Jaques (2011) and Tuch (2006) reported that in embarking takeover, the white knight firm
may bear extensive costs in planning and execution depending on the size and complexity
of the operations. The ABC firm may need to appoint many advisors and expert as the
part of the process. These specialists may include legal advisors, accounting experts,
financial advisors, tax advisors, law and regulator firms, security registry firms, and
public relation officers.
5 | P a g e
Jaques (2011) also mentioned that in planning a takeover, the white knight organization
require to carefully consider structuring considerations with the assistance from the
advisors. The structuring considerations indicate many things such as timing of takeover,
financing considerations, strategic stake, flexibility, tax, and outcome. The timing of
takeover is very important especially when the target firm is facing hostile bids because it
shows that black knight firm has already acquired maximum shares of the company. If the
management team is facing high pressure of meeting deadlines, they might employ crisis
management experts. Similarly, the white knight firm should have more flexibility in
structuring takeover of strategic stakes under the planning scheme (Jaques, 2011).
Financing consideration involves the decision of offering cash and relative merits to
target firms. Angwin (2007) points out that takeover should be structured in a way which
optimises tax effectiveness for both parties.
Hitt et al (2010) emphasized on the existence of synergy after takeover or acquisition.
Synergy is basically a Greek word which means “working together”. In case of takeover,
synergy means that underlying assets are more valuable when used in conjunction with
each other as compared to used individually. Synergy can be helpful for ABC in
generating shareholder’s wealth but it is also a real challenge to allocate resources to a
combined firm (Lee and Lee, 2006). Sirower (2007) mentioned that the unsuccessful
allocation of resources can bring negative effects for the acquirer.
Many takeovers formed a big organization that results in increasing its economy of scale.
To some extent, the extra costs incurred in managing big organization may exceed the
benefit of economies of scale. Thus, the difficulty produced by the larger firms may lead
management to apply additional bureaucratic controls in order to organize the operations
of the integrated firm (Hitt et al., 2010).

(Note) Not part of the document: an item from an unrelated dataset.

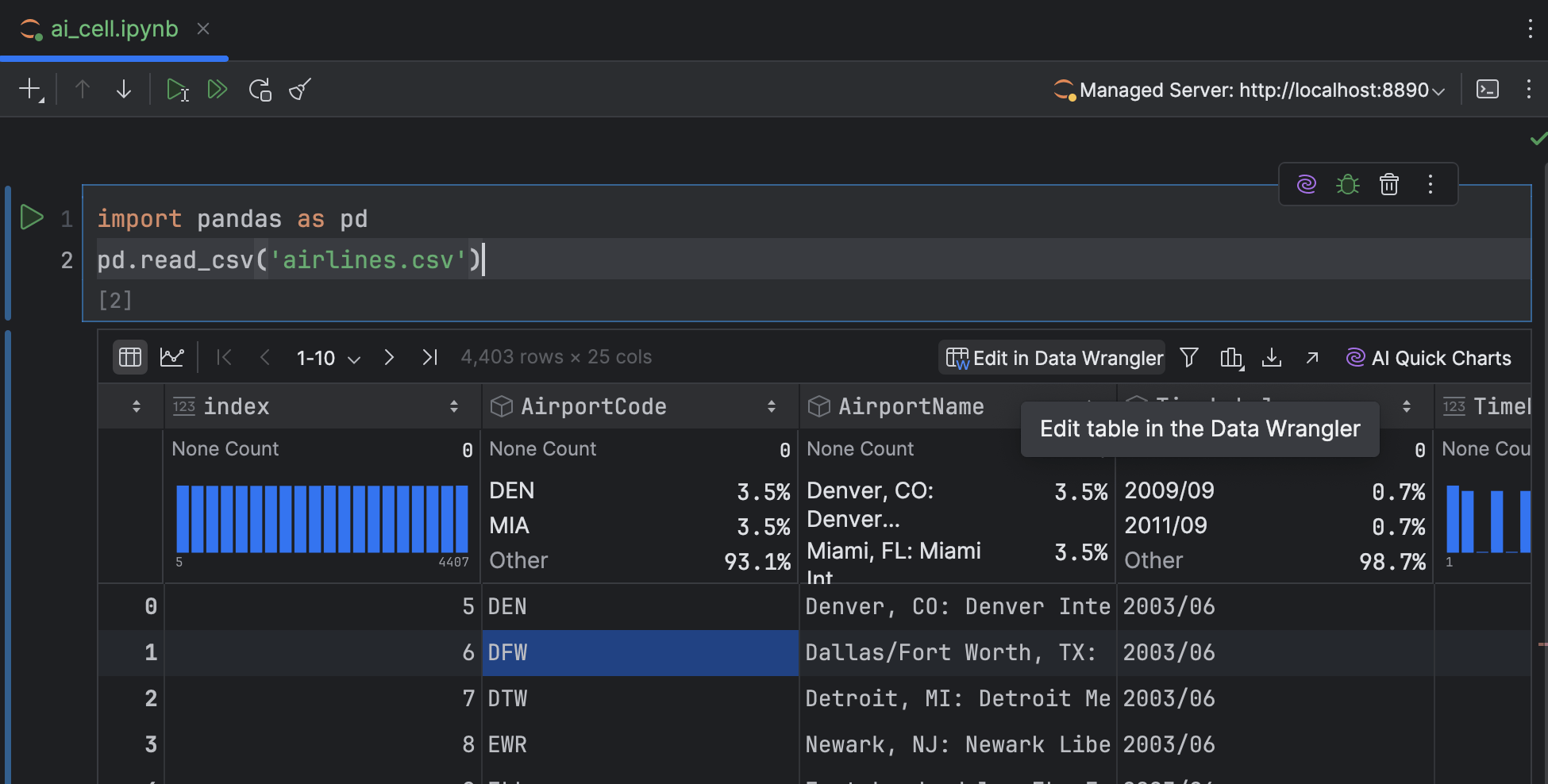 Wrangle your data with AI via the Data Viewer button, AI transformations in Data Wrangler, or by enabling Data Wrangler mode in AI Assistant.

The takeover process requires too much diversification and also based on hundred of
complex operations. The inadequate evaluation of target company especially without an
effective ‘Due Diligence’ process may create inconsistencies for the white knight
organizations (Tuch, 2006). The Intelligent Investor magazine (2003) reveals that top
managers are usually not involved in obtaining information needed for the takeovers.
6 | P a g e
However, these managers are engaged in making decisions on the basis of that
information that may not come from reliable sources.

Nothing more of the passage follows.